Dr. Zhao’s research primarily revolves around machine learning, few-shot learning, deep learning, optimization algorithms, and meta-learning. He is particularly interested in data mining, imbalanced learning, and software defect prediction, using cutting-edge techniques such as cost-sensitive meta-learning classifiers and deep neural networks. His work aims to address challenges in real-world applications, particularly in small datasets and imbalanced data contexts.

Award 🏅

Throughout his career, Dr. Zhao has made substantial contributions to his field, earning recognition for his innovative research. He has been awarded various honors for his work on software defect prediction and cost-sensitive machine learning methods.

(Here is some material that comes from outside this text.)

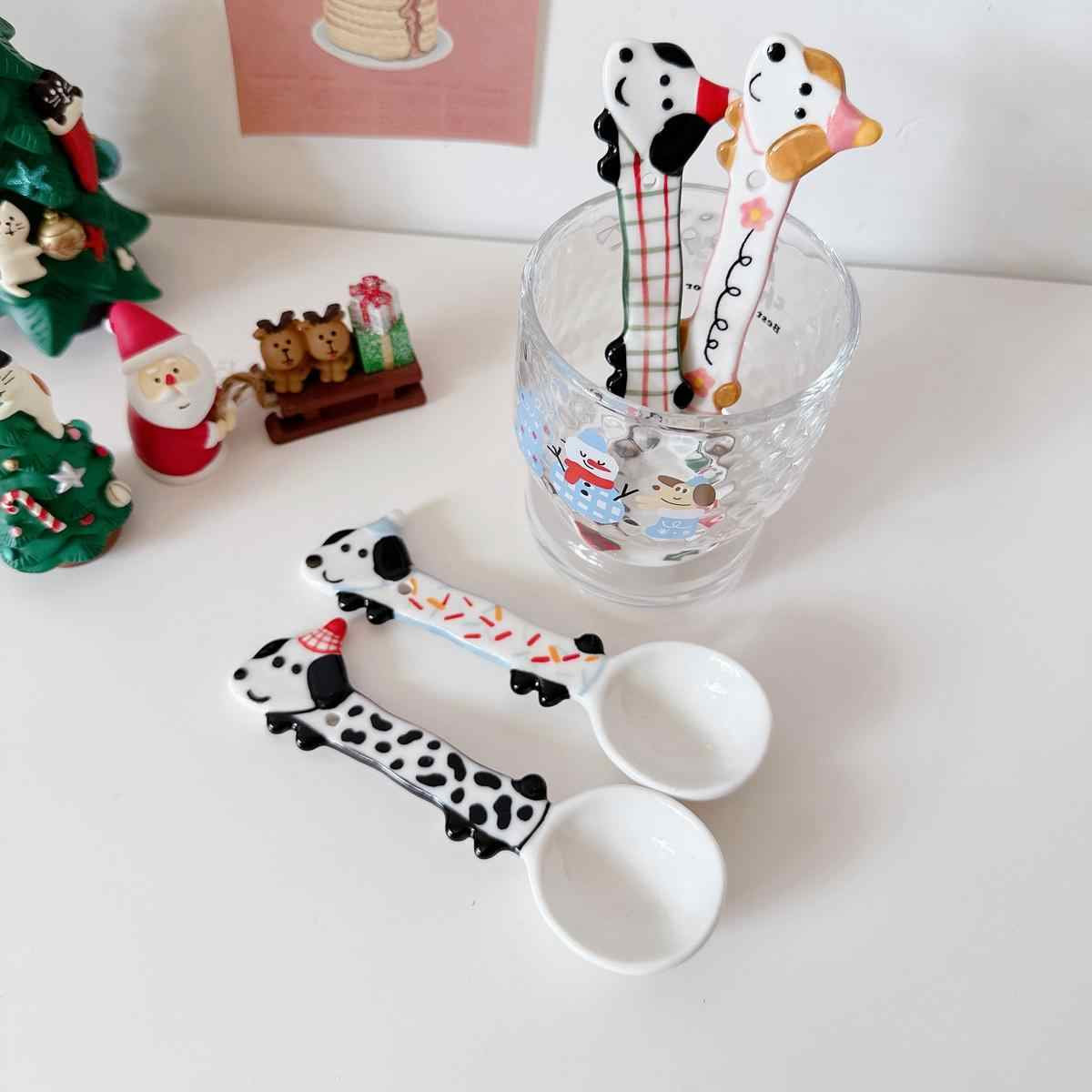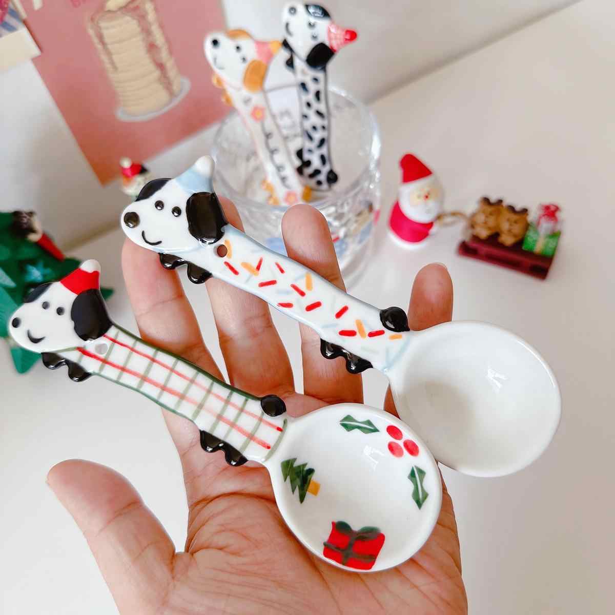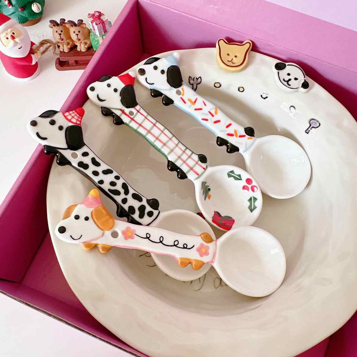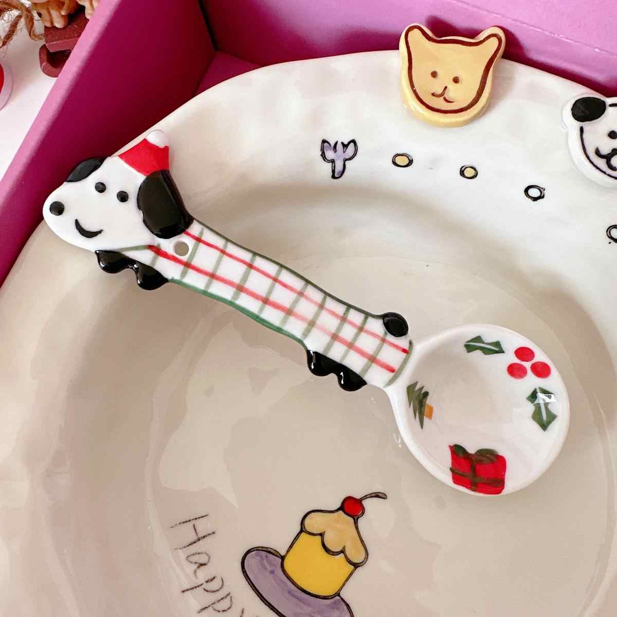 Color classification: Puppy spoon/red and green Christmas style, puppy spoon/blue edge birthday, puppy spoon/black and white dots, puppy spoon/pink flower style

His contributions to machine learning in the context of small sample data and imbalanced datasets have been highly praised.

Top Noted Publication 📑

Design and Implementation of GPU Pass-Through System Based on OpenStack Computation

Authors: Linchang Zhao, Yu Jin, Guoqing Hu, Wenxi Zhou, Hao Wei, Ruiping Li, Xu Zhu, Yongchi Xu, Jiulin Jin, Qianbo Li

Journal: Computation

DOI: 10.3390/computation13020038

Year of Publication: 2025

 

RFAConv-CBM-ViT: Enhanced Vision Transformer for Metal Surface Defect Detection

Authors: Hao Wei, Linchang Zhao, Ruiping Li, Mu Zhang

Journal: The Journal of Supercomputing

DOI: 10.1007/s11227-024-06662-0

Year of Publication: 2025

 

Siamese Dense Neural Network for Software Defect Prediction With Small Data

Authors: Linchang Zhao, Zhaowei Shang, Ling Zhao, Anyong Qin, Yuan Yan Tang

Journal: IEEE Access

DOI: 10.1109/ACCESS.2018.2889061

Year of Publication: 2019

 

A Cost-Sensitive Meta-Learning Classifier: SPFCNN-Miner

Authors: Linchang Zhao

Journal: Future Generation Computer Systems

DOI: 10.1016/j.future.2019.05.080

Year of Publication: 2019

 

Software Defect Prediction via Cost-Sensitive Siamese Parallel Fully-Connected Neural Networks

Authors: Linchang Zhao, Zhaowei Shang, Ling Zhao, Taiping Zhang, Yuan Yan Tang

Journal: Neurocomputing

DOI: 10.1016/j.neucom.2019.03.076

Year of Publication: 2019

Conclusion

Linchang Zhao’s combination of advanced research, practical innovations, and contributions to education makes him a strong candidate for the Best Researcher Award. His ability to address real-world problems through machine learning and his efforts to foster academic growth through mentorship positions him as a leader in his field. To further solidify his position as a top researcher, increased interdisciplinary collaborations and global visibility would be beneficial.